Fighting a recession by paying workers less is the wrong approach

The White House announced last year to the American people that “the recession is over.” Hoover’s address in 1931 stated that the depression was over just as the worst of the Great Depression started to hit.

Now, nearly a year after the White House’s misleading statement, the Bush Administration has again misled us, this time into working more and earning less, as stated by the Economic Policy Institute.

The Associate Press also says that we are at the highest unemployment rate in nine years.

This May, unemployment rates rose to its highest monthly gains since the Sept. 11 terrorist attacks, leaving more than nine million Americans unemployed, according to AP. In fact, the pastthree months alone have left more than one million workers jobless. Democrats are starting to point out that Bush’s multi-trillion dollar tax cuts have started to show their misleading nature. If one cares to look, they will notice that every time one of Bush’s tax cuts is passed, the unemployment rate tends to climb. Many students will also concur that it has become more difficult to find a job in the past few months.
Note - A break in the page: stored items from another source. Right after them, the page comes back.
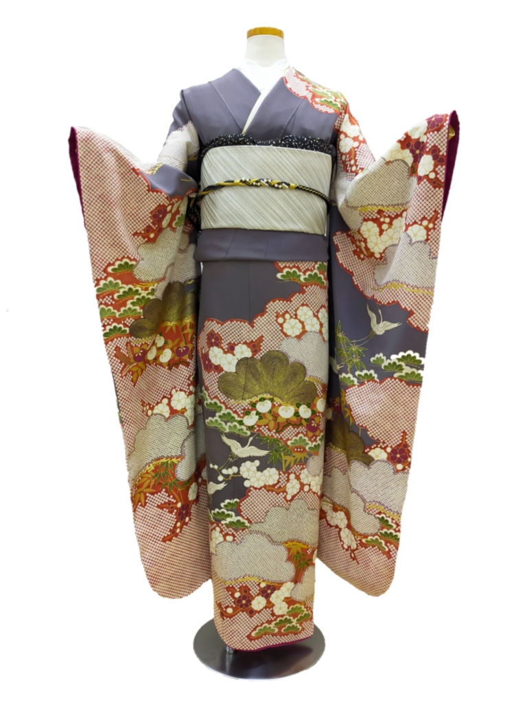 レンタル振袖ご紹介「グレー地 古典 疋田松竹梅 」成人式・二十歳のお祝い アレコレ260
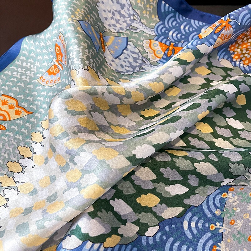 100% Silk Square Scarf for Women - Geometric Print Bandana Neckerchief Wrap 53x53cm
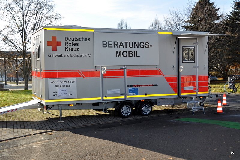 Heute war der zweite Einsatz. Das DRK-Mobil ist noch neu. Dank der Unterstützung durch die Regionale Aktionsgruppe (RAG) Eichsfeld konnte das Projekt mit LEADER Fördergeldern realisiert werden. Zur Stärkung der Region wurde eine Summe von über 25.000 Euro zur Verfügung gestellt. Damit wurden 65% der Gesamtkosten für die Anschaffung übernommen. Die Gremien der RAG waren schnell vom Konzept überzeugt und würdigten den Mehrwert der Projektidee für das Eichsfeld.
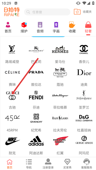 2、在轻奢品牌列表里挑选【古驰】,进入古驰的商品列表页面。
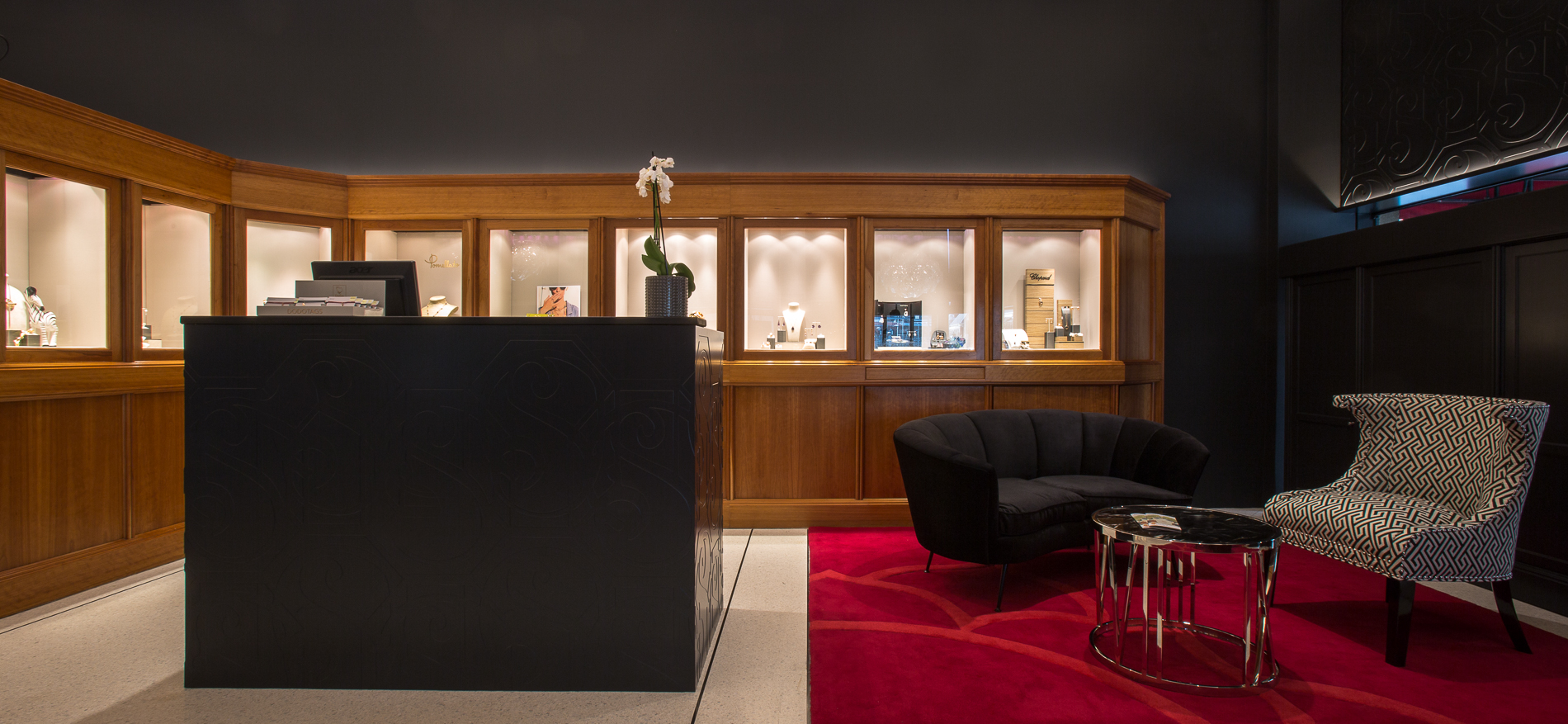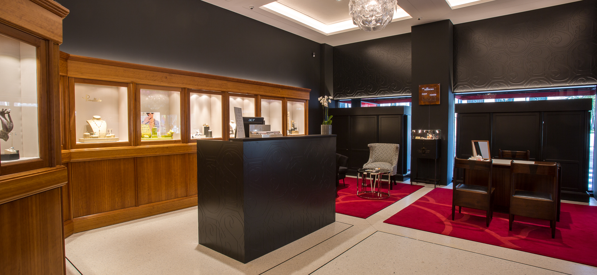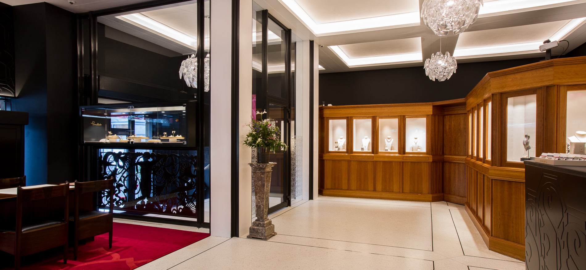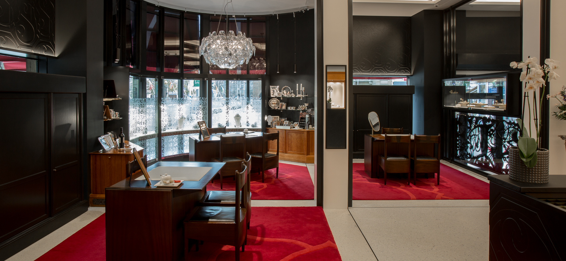 Unter den Schichten des alten Bodenbelags hat man auch den alten Originalfußboden entfernt und restauriert. Der Entwurf der Vitrinen im Laden wurde stilvoll angepasst und konsequent durchgeführt. Neue Teppiche und Lounge-Elemente sind hinzugekommen.

To make things worse for those of us about to join the labor pool, the EPI states that the Labor Department is employing a new set of regulations that will make eight million white -collar workers ineligible for overtime pay. This is the first change to these regulations, set by the Fair Labor Standards Act, since 1938. The new regulations would remove anyone who makes more then $425 per week from being assured overtime benefits, meaning that someone making an annual salary of $23,000 would not receive their much needed overtime pay.

Furthermore, recent studies indicate that Americans are working more than the rest of the industrial world — Americans take an average of 10.5 vacation days every year. This is half of the average of most of the industrialized world. There aren’t even any laws that guarantee American workers paid vacation time, as many new-hires will tell you.

Has this Administration led us into this strenuous economy that makes us work harder while taking away our incentive to do so? The White House has laid claims that, in the next few months, we will be receiving our refund checks and therefore jumpstarting the slumping economy. Logically, this may work. Thank goodness for the Bush Administration, saving us from this recession. Oh wait — what recession?